▶ **Instructions for the task**: Nothing outside the range is to be copied. From the entries below, reproduce exactly the lines starting at the one with "Gold Foil Palm" and ending at the one with "or white edges.", without pictures.

▶ **Extracted material**:
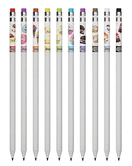 Once they're dry, we attach the erasers and apply the stickers around them that identify which scent was infused into each Dessert Smencil. Lastly, we put each Dessert Smencil into its own recyclable plastic freshness tube that comes with a collectible character top cap!
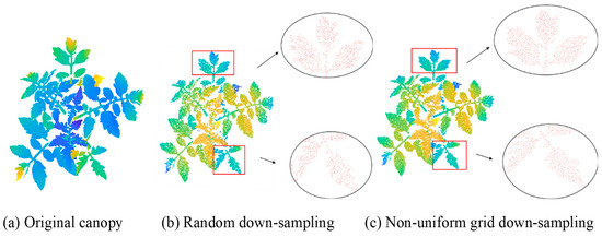 There were still a large number of redundant point clouds in the canopy area after canopy extraction. We used a non-uniform grid down-sampling method for point cloud streamlining. Non-uniform mesh down-sampling preserves features and reduces the number of points by using an irregular mesh in the 3D point cloud. The principle is to determine the size of the desired 3D spatial voxel depending on the position in each point , and determine the voxel to which it belongs. For each voxel , select representative points, keep the selected points, and discard the remaining points, thereby generating the point cloud data after down-sampling. The implementation of this step not only improved the efficiency of data processing, but also laid the foundation for the subsequent processing stages.
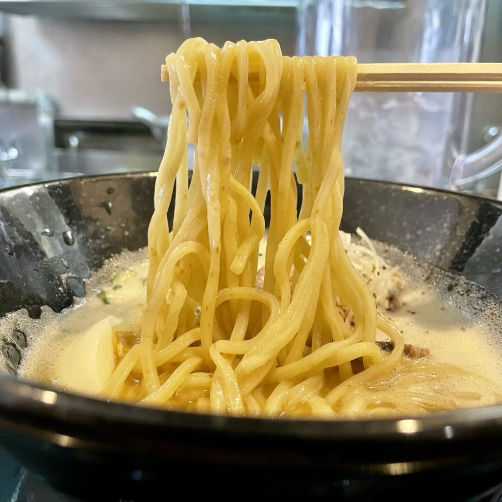 麺は全粒粉が練り込まれた中太ストレート麺!
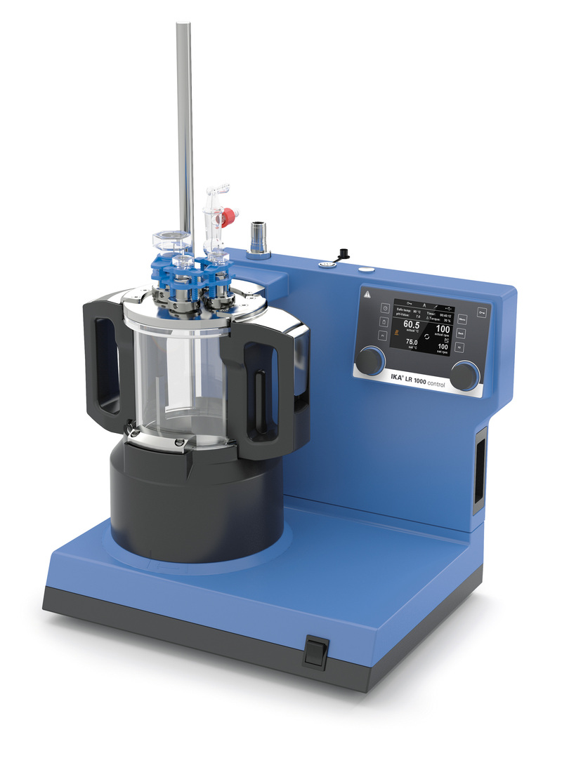 The IKA LR 1000 laboratory reactor, featuring modular construction, is capable of optimising chemical reaction processes on a laboratory scale. The reactor is equipped with an one litre container and a stirrer. A heating unit is integrated under the reactor container, while a temperature sensor controls the temperature of the medium. Rotational speed and temperature are shown on a clearly arranged digital display. All processes can be monitored and documented from the PC via a USB port. The reactor is dishwasher safe and thus easy to clean.
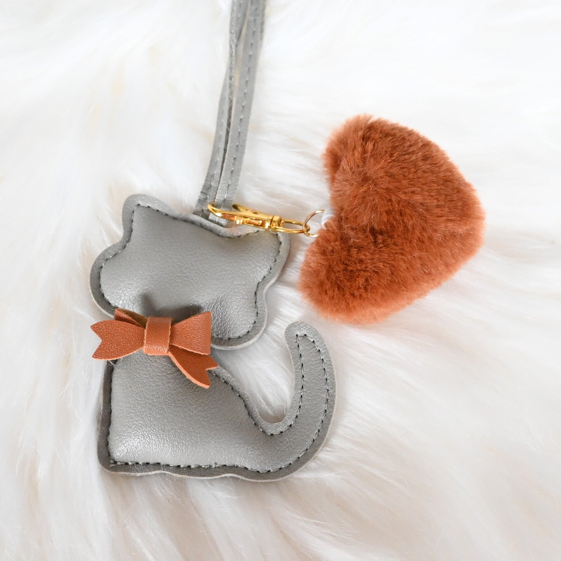 Kat Bag Charm – Lederen Tashanger met hartje pompom - Grijs/bruin
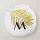 Gold Foil Palm Leaf Tropical Monogrammed Initialen Rond Kussen
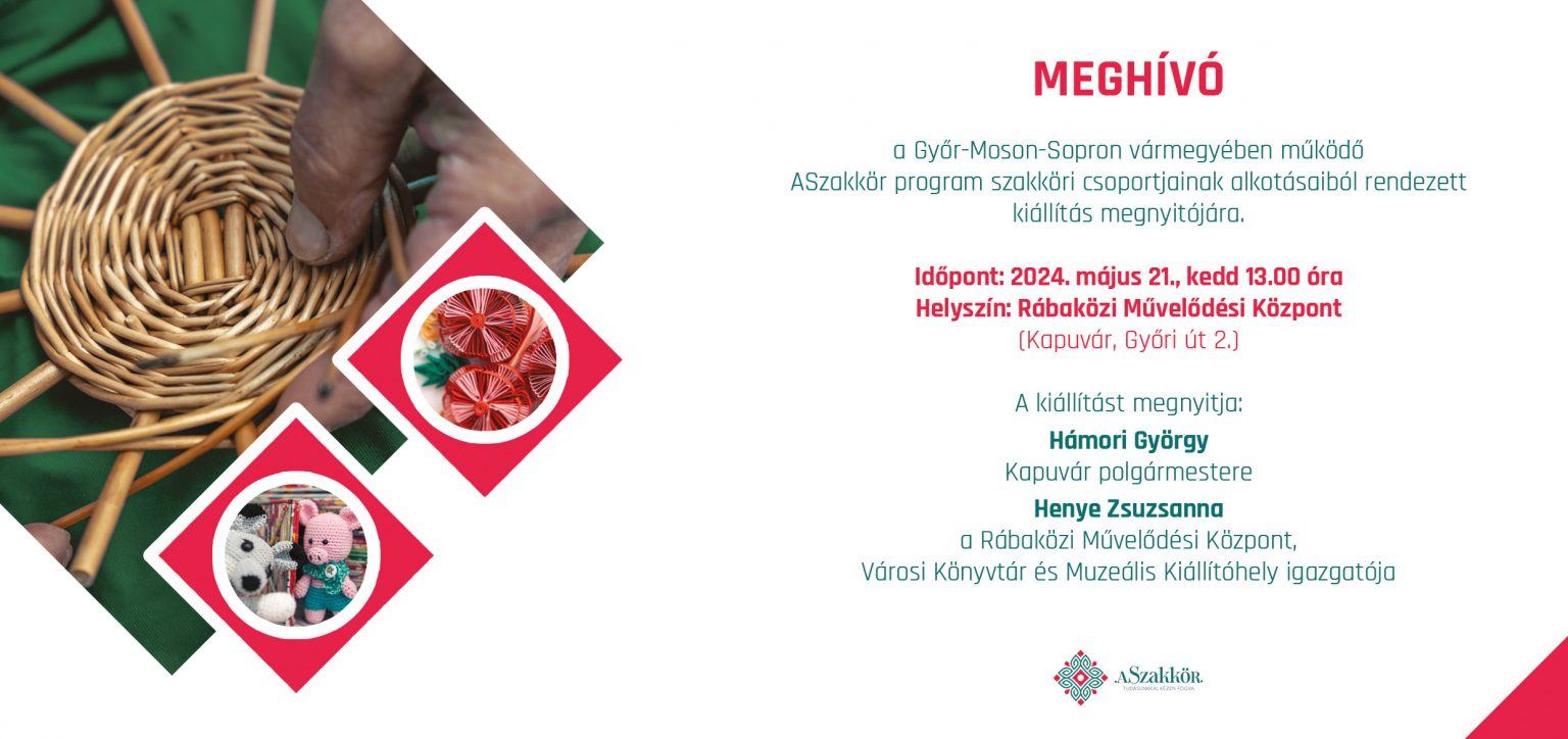 Május 21-én veszi kezdetét Kapuváron a Szakmai Műhelynap és a Vármegyei Szakkörök Kiállítása, melyet a Rábaközi Művelődési Központ, Városi Könyvtár és Muzeális Kiállítóhely aulájában rendeznek meg.
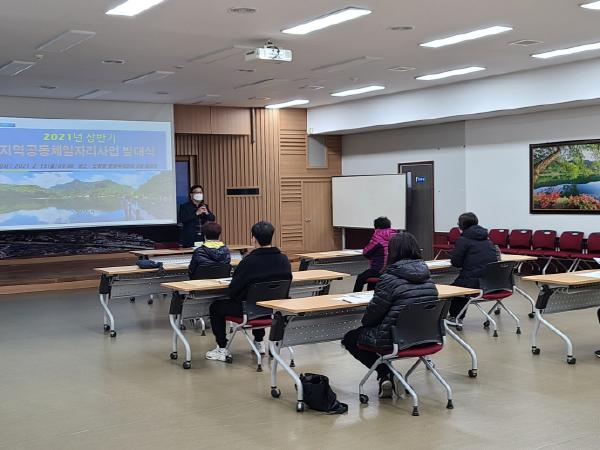 [한국연예축제일보, 유혜경기자] 도량동에서는 2월 15일 9시에 동 행정복지센터 3층 대강당에서 사업 참여자 6명이 참여한 가운데 2021년 상반기 지역공동체일자리사업 발대식과 안전교육을 실시했다.
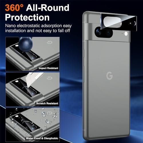 💎【Camera Protector Double Protection】Pixel 8 Camera Lens Protector made with an electroplated sapphire super hard AF film camera protector screenNano electrostatic automatic adsorption technology, easy to install and not easy to fall off, without any bubbles or white edges.
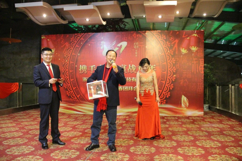 团拜会现场欢歌笑语,员工献上了精心准备的节目表演,一轮轮激动人心的抽奖活动,伴随着诙谐有趣的游戏互动,明泉公司董事长黄立明的精彩致辞,把祝福和鼓舞传递给了每一位家人。
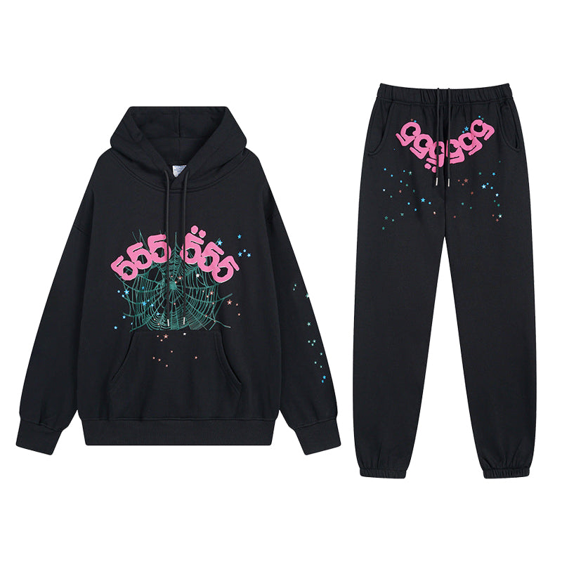Sp5der Hoodie & Sweatpants 2 Piece Set Spider Web Velvet Sport Suit

▶ **Task solution**:
 Gold Foil Palm Leaf Tropical Monogrammed Initialen Rond Kussen
 Május 21-én veszi kezdetét Kapuváron a Szakmai Műhelynap és a Vármegyei Szakkörök Kiállítása, melyet a Rábaközi Művelődési Központ, Városi Könyvtár és Muzeális Kiállítóhely aulájában rendeznek meg.
 [한국연예축제일보, 유혜경기자] 도량동에서는 2월 15일 9시에 동 행정복지센터 3층 대강당에서 사업 참여자 6명이 참여한 가운데 2021년 상반기 지역공동체일자리사업 발대식과 안전교육을 실시했다.
 💎【Camera Protector Double Protection】Pixel 8 Camera Lens Protector made with an electroplated sapphire super hard AF film camera protector screenNano electrostatic automatic adsorption technology, easy to install and not easy to fall off, without any bubbles or white edges.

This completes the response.